The prevalence of asthma in Canada has been increasing over the past thirty years and currently over 3 million Canadians have been diagnosed with asthma. Here in Manitoba, approximately 13.9% of children, aged 5 to 19 years of age, are coping with this chronic respiratory illness.
Initiated in 2008, the six-year CHILD study has so far recruited 50 pregnant mothers in Winnipeg to investigate the role of environmental exposures, infections, nutrition and genetics in the development of asthma and allergies. This birth cohort study, partly funded by the Canadian Institute of Health Research and AllerGen, the Allergy, Genes and Environmental research network (AllerGen NCE), is currently recruiting another 1,000 pregnant mothers in Winnipeg to further investigate environmental triggers as well as possible links between childhood asthma and risk factors such as maternal stress.
The mechanisms for how maternal distress causes asthma are not well understood. However, depressed mothers are more likely to smoke and less likely to breast feed which are associated with the development of asthma. The CHILD study will focus on checking a child’s health several times over their first few years of life. Researchers will record the pregnancy and delivery details and request a cord blood sample (which is normally discarded) for genetic and immune testing.
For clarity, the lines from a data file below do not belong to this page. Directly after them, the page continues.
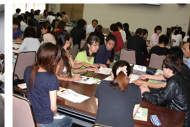
研修(グループワーク)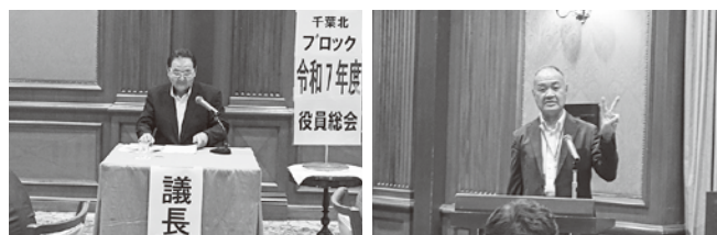
5/21 (水) 千葉北ブロック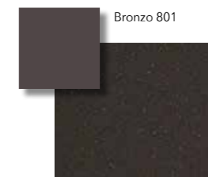
Bronzo VS 801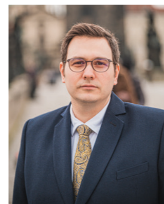
Jan Lipavský ministr zahraničních věcí České republiky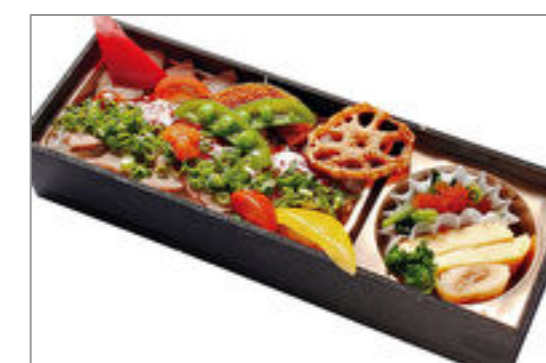
和牛の焼きしゃぶ弁当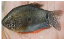
Sepat rawa ( Trichogaster trichopterus )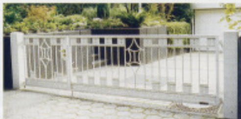
Tor nach alten Fotos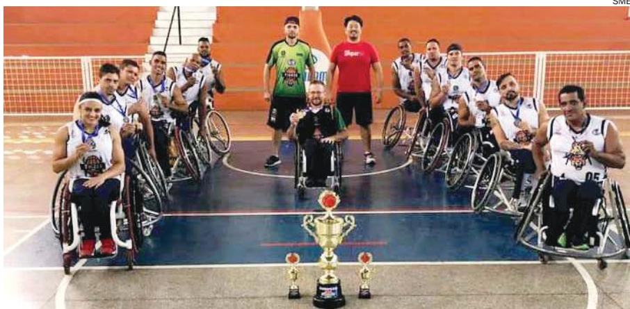
ESTA é a primeira vez que a equipe Tigres participam da competição em Minas Gerais

Na decisão do título o Tigres bateu o time principal da casa, o Unipam A, por 63x52. “A final foi muito equilibrada. Conseguimos jogar bem de início, mas no final do jogo o time da casa pressionou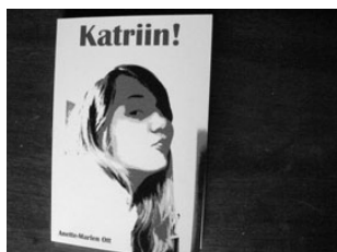
Elva koolitüdruk kirjutas raamatu. Lk 2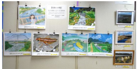
低学年の部・高学年の部・写真の入賞作品 11月10日に賞状伝達式を行いました

小学生対象の「荒砥川こども絵画コンクール」と、中学生以上対象の「荒砥川写真コンクール」を行いました。 夏休みを利用して描かれた子供たちの力作と、日常の風景を撮影した素敵な写真がたくさん応募され、自然環境部会員が真剣に審査を行い、部門ごとに最優秀賞1点と優秀賞2点が選ばれました。残念ながら入賞を逃した皆さんには参加賞をお渡ししました。 この2つのコンクールは、私たちのふるさとの情景を記録し、後世に引き継ぐ活動です。ご応募いただいた皆様に、心より感謝申し上げます。ありがとうございました。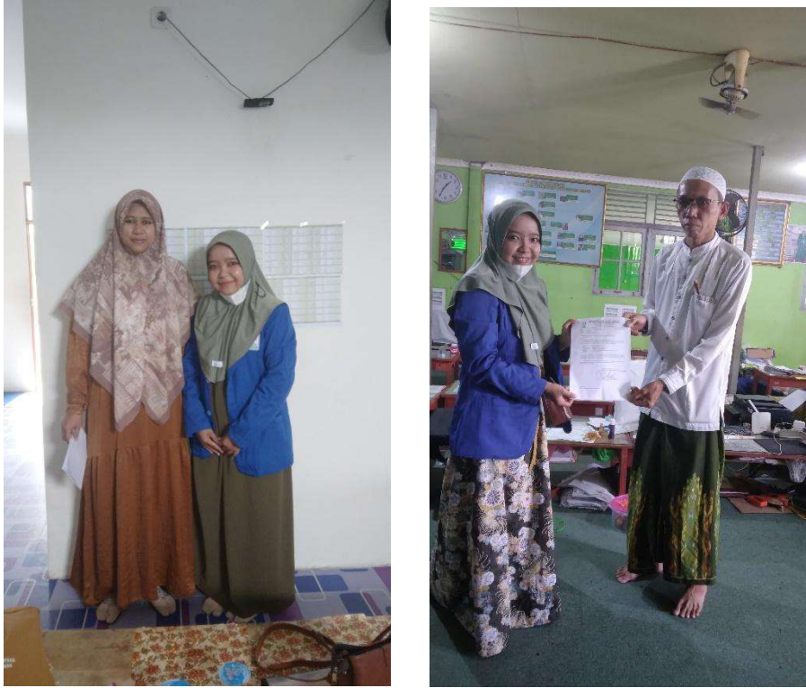
Gambar 1 dan 2. Wawancara bersama ustadzah dan pengasuh pondok di Pondok Pesantren Nurul Jannah Banjarmasin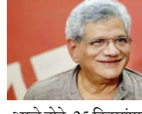
आले होते. 25 दिवसांपासून त्यांच्यावर उपचार सुरू होते.

नवी दिल्ली : मार्क्सवादी कम्युनिस्ट पक्षाचे महासचिव सीताराम येचुरी यांचे वयाच्या 72 व्या वर्षी निधन झाले. त्यांना 19 ऑगस्ट रोजी खूप ताप आल्याने दिल्लीच्या एम्समध्ये दाखल करण्यात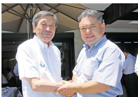
林自民党 地方創生実行統合本部長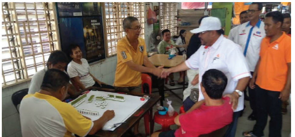
Bertemu masyarakat Tionghoa menjelaskan perkembangan terkini kerajaan Pakatan Harapan negeri.

Program 'Walkabout' yang sepatutnya diadakan di pasar malam Kubang Semang terpaksa dibatalkan kerana hujan lebat, namun ahli rombongan meneruskan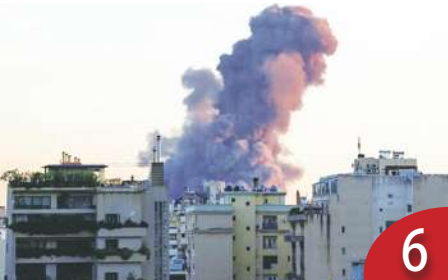
兩組織領袖遭以刺殺 伊朗難報復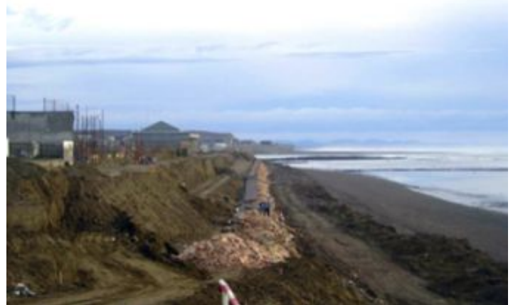
Durante a obra

Optou-se pela solução em gabões revestidos com PVC, onde a solução consiste em uma base de 3m de altura de enrocamento, que suporta o impacto direto das ondas, sobre esta, apoia-se o muro de gabões de 2m de altura, que trabalha como contenção de uma passarela de pedestres e de uma ciclovia. Desta maneira, conseguiu-se substituir a estrutura de estacas-pranchas por uma solução que não apenas cumpriu com os requisitos técnicos e econômicos da obra, mas também agregou um aspecto visual agradável ao local.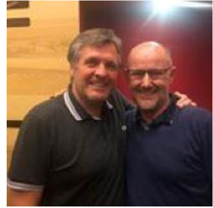
😞 NANDO 😞

😞 MAGPIES havde inden den sidste kamp, en spinkel chance for at komme videre, men flere resultater skulle flaske sig. MAGPIES fyrede en superscore af og vandt sikkert, så MAGPIES gjorde hvad han kunne, men alligevel blev MAGPIES taberen i fintællingen og MAGPIES sluttede lige under stregen og er hermed færdig i årets Liga Cup. FLINCA ville med en sejr i den afsluttende kamp mod FAR , være gået videre, men det blev kun til uafgjort og dermed er FLINCA færdig i Liga Cup'en. NANDO skulle også bruge en afsluttende sejr for at gå videre, men det lykkedes langt fra og NANDO fik en ordentlig lussing af MAGPIES og dermed var NANDO ude af årets Liga Cup 😞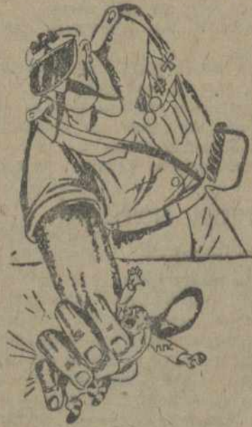
ППСавец: Пане маршале, вы напэўна памылліся... Мы ж не бальшавікі!

Забаставалі таксама 1.500 будаўнічых рабочых. Часткова бастуюць фабрыкі табачнай монополіі. Трамвай, электрастанцыі і комунальным прадпрыемстваў працуюць нармальна. У пэнэсаўскіх колах катэгорычна заклікаюць, што ППС ня вынесе рашэньня аб абвешчэньні забастойкі.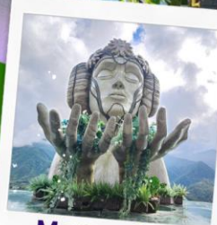
Moana Cafe Sapa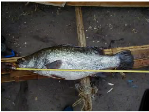
■タンザニア国総水揚げの約 40% を占める ナイルパーチ [ビクトリア湖産] ( Lates niloticus )。輸出では 90% を占める。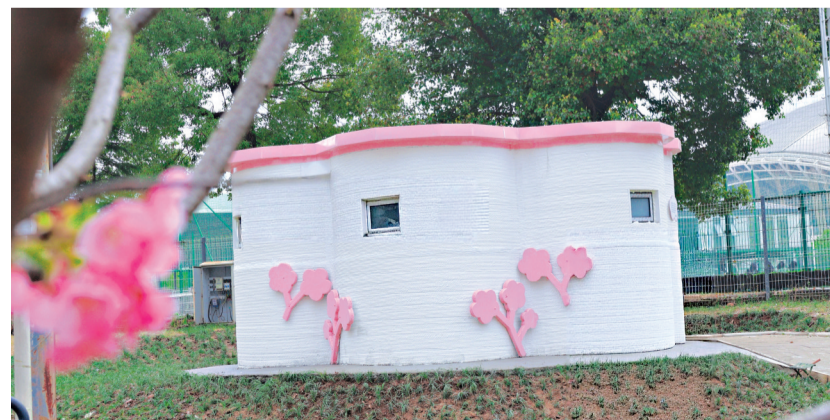
汉马赛道沿线仁和路新增两座樱花造型的3D打印公厕。

部设施已全部安装调试完毕,静待正式启用。这两座公厕均设有无性别厕位、无障碍洗手间和环卫工作间,充分满足全年龄段、全场景的使用需求,为赛事期间的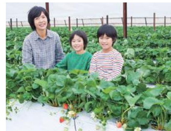
由布市 ベリーツ・いちご農家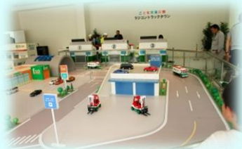
ジオラマの町を運転操作します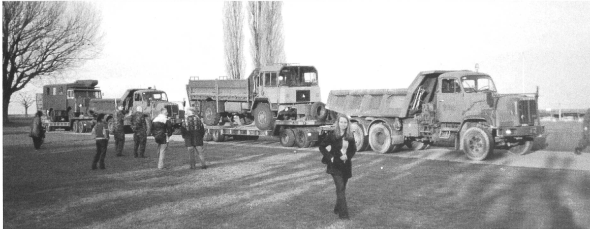
Zaungäste bei der Ankunft in Arbon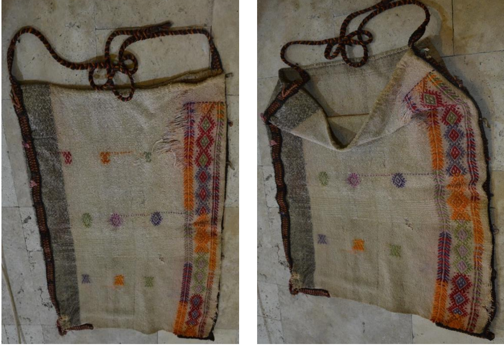
Resim 9-10. Çağlayancerit Beld. Kültür Merkezinde Bulunan Yüklük Zabire Çuvalı (C. Polat)

Örnek 9-10 No.lu çuval görselinin sağ bölümünde yer alan şeritte sık motifli cicim, sol alanda ise seyrek motifli cicim tekniği uygulanmıştır. Çuvalın kaç yıllık olduğu tespit edilememiş; ancak edinilen bilgiler dâhilinde çuvalın en az 30 yıllık olduğu üzerinde durulmuştur. Dokunulan çuvalın kolan üzerine konulmuş motif özgün olarak çalışılmış sıralı “x” şeklindedir. Çuval görselinde; pıtrak motiflerinin içerisine göz motifleri yerleştirilmiş, pıtrak motiflerinin her iki etrafına hayat ağacı formunda şekil verilmiştir. Ayrıca çuvalın boşta kalan diğer kısımlarına göz, pıtrak ve özgün çalışılmış koç motifi serpiştirilerek yerleştirilmiştir.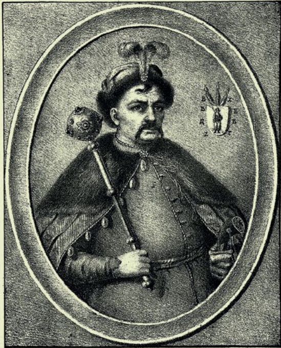
Богданъ Хмельницкій, войска священнаго Царскаго величества Запорожскаго Гетманъ.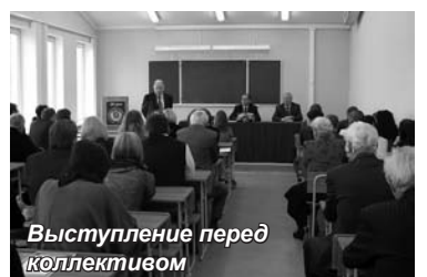
Выступление перед коллективом

На торжественном собрании присутствовал председатель Комитета по образованию, науке и культуре За-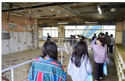
ホープツーリズムのプログラム造成のため モニターツアーを実施 (震災遺構 浪江町立請戸小学校)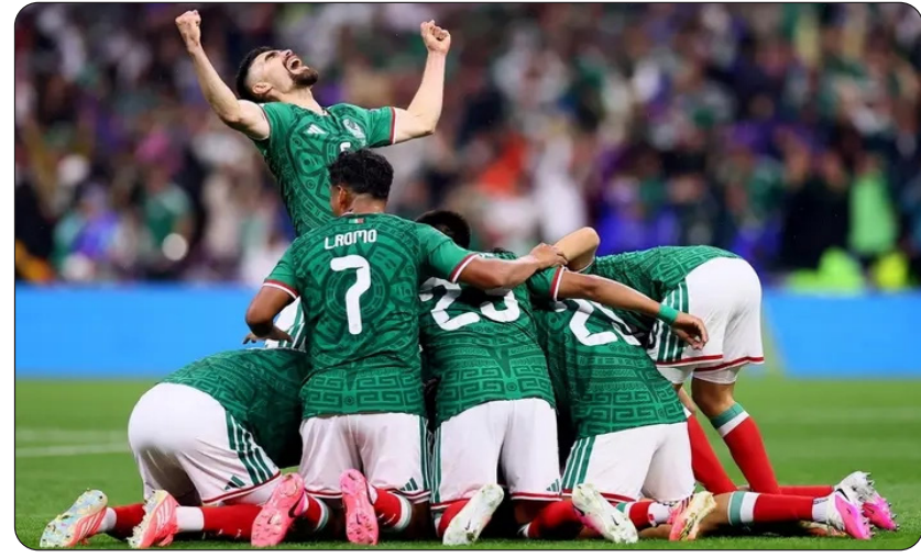
فرحة لاعبي المكسيك

النرويج - ساحل العاج كما حجز منتخب النرويج بطاقة العبور إلى الدور ثمن النهائي، بعدما تخطى عقبة نظيره منتخب ساحل العاج بهدفين في مقابل هدف، سهرة الثلاثاء. وتقدم المنتخب النرويجي في الدقيقة 39 عبر أنطونيو نوسا، لينتهي الشوط الأول بتفوق أوروبي بهدف نظيف، ولكن في الشوط الثاني، انتفضت «الأفيال» الإفوارية بحثاً عن العودة، ونجح أماد دياو لإدراك هدف التعادل في الدقيقة 74. وبينما كانت المباراة تتجه نحو الأنفاس الأخيرة، ظهر النجم إرلينغ هالاند ليتقمص دور البطولة ويخطف هدف الانتصار الثمين للنرويج في الدقيقة 86، مؤمناً عبور بلاده إلى الدور المقبل. وضربت النرويج موعداً نارياً مرتقباً في الدور ثمن النهائي مع المنتخب البرازيلي، الذي كان تأهل على حساب اليابان بالنتيجة ذاتها 2-1.

The child’s home will be visited and studied as well. This information will help researchers understand why early allergen sensitization is a dominant risk factor for childhood asthma that persists into adult life, and why the loss of lung function appears to be established very early in childhood.
The Manitoba Institute of Child Health is the research division of The Children’s Hospital Foundation of Manitoba. The Institute is dedicated to excellence in pediatric research. At the Institute, more than 220 world-class pediatric medical researchers, technical staff, students and support staff are involved in over $8 million of research and clinical trial activities each year.